▶ YOUR INSTRUCTIONS
The answer is the line with "Hamilton Beach coffee" and every line after it to the end of the listing, retyped exactly. Pictures do not belong in it.

▶ SUPPLIED MATERIAL

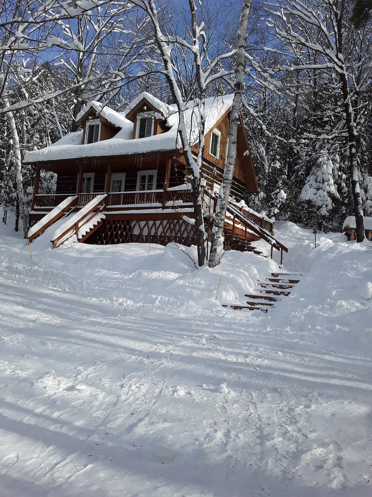 Access to the cottage is by a 300' (100 m) driveway offering flat parking space for 4 vehicules. An additional parking is available at the bottom of the driveway. Please note, the drivewayis well maintained but steep and an VUS is recommended in the winter.
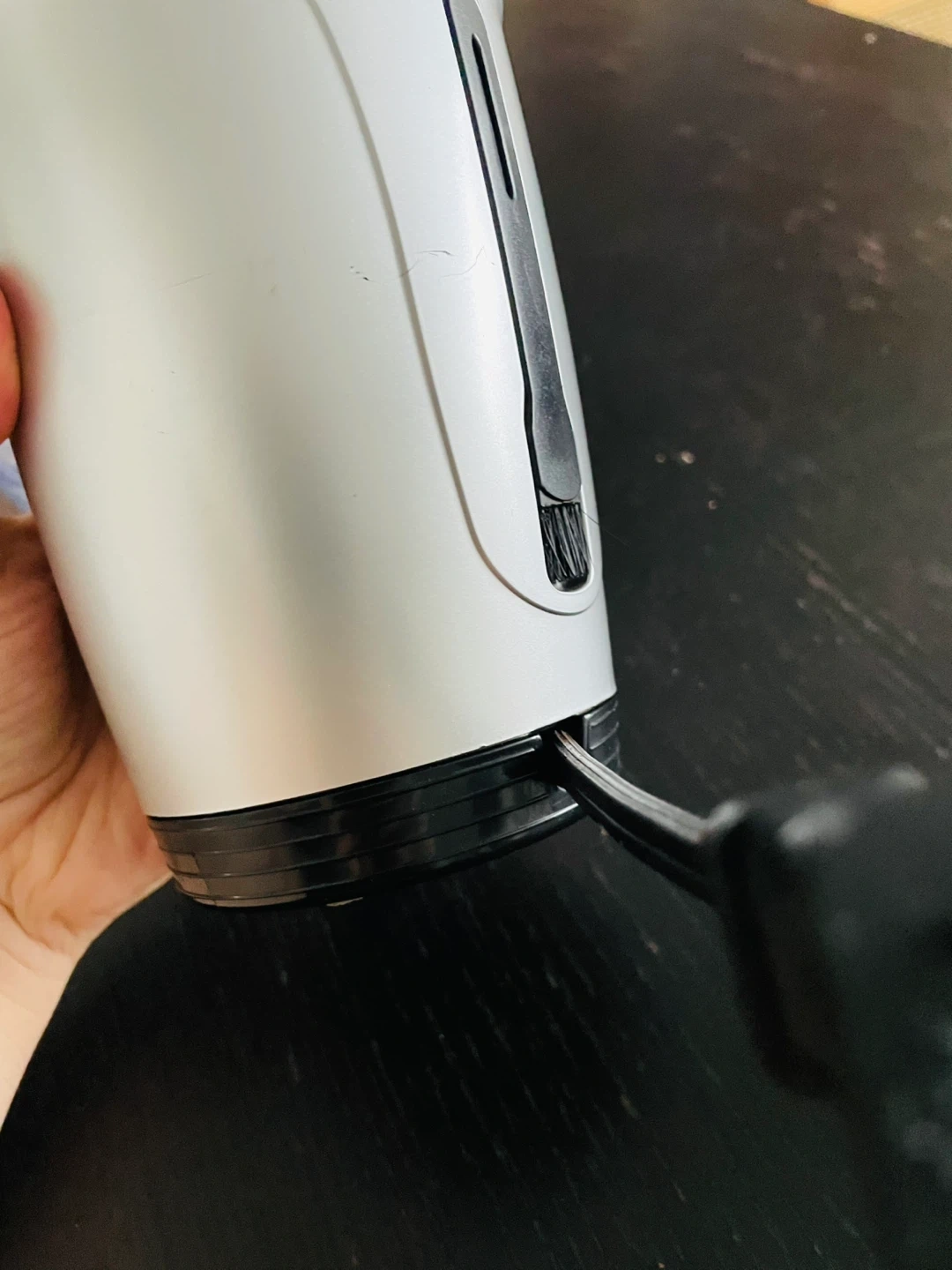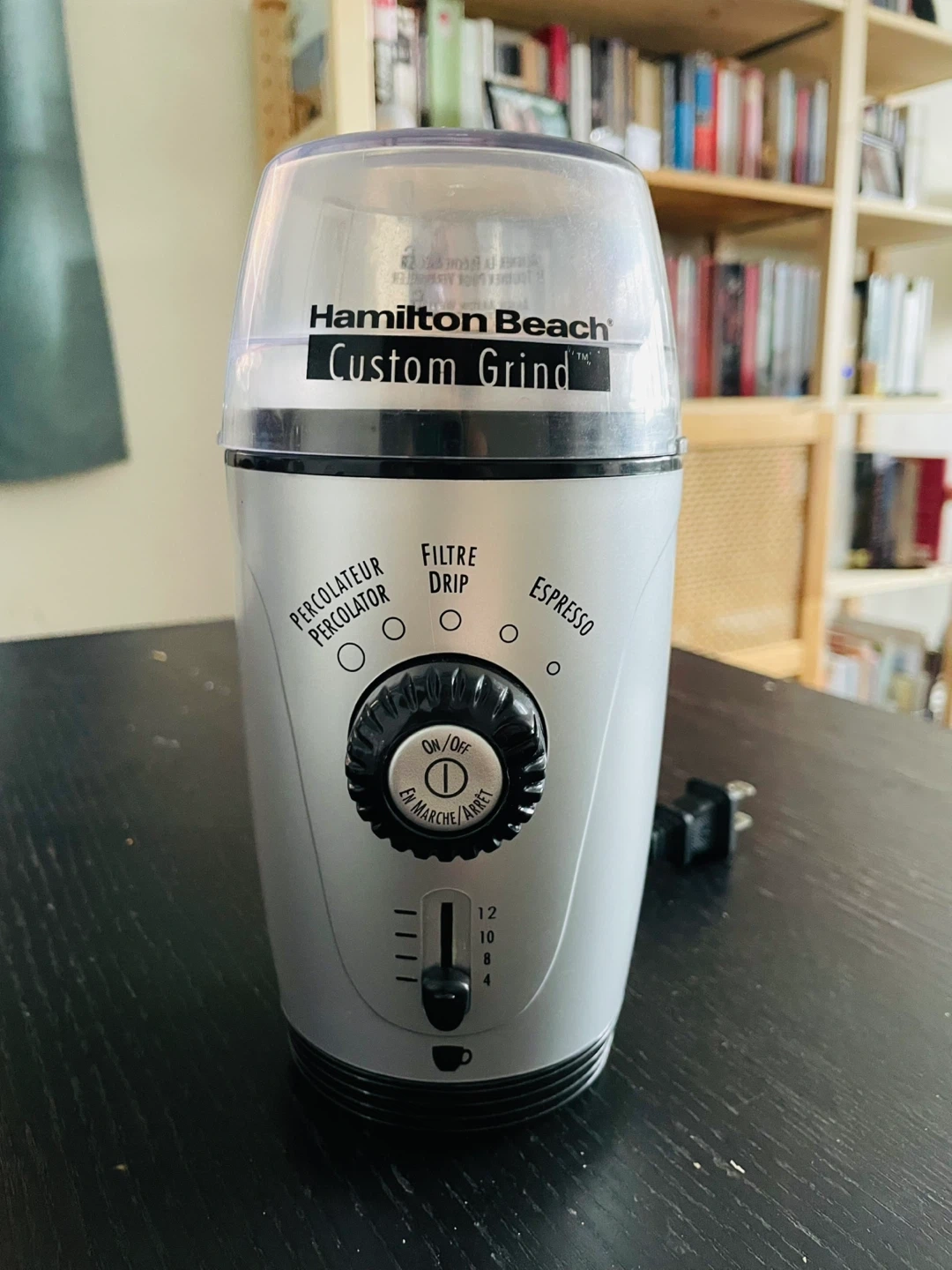 Hamilton Beach coffee grinder. Multiple settings for different cup sizes and coffee types. Cable can be rolled and hidden at the bottom when grinder is not used. Brush (slotted in the back) for cleaning.
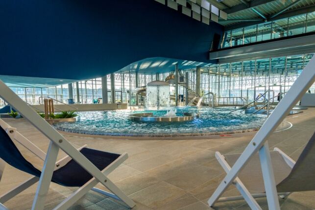 - un bassin ludique de 200 m², d'une profondeur allant de 60 à 120 cm, avec jeux d'eau, une rivière à contre courant, bacs de cygne et une banquette à bulles,

▶ WRITTEN SOLUTION
 Hamilton Beach coffee grinder. Multiple settings for different cup sizes and coffee types. Cable can be rolled and hidden at the bottom when grinder is not used. Brush (slotted in the back) for cleaning.
 - un bassin ludique de 200 m², d'une profondeur allant de 60 à 120 cm, avec jeux d'eau, une rivière à contre courant, bacs de cygne et une banquette à bulles,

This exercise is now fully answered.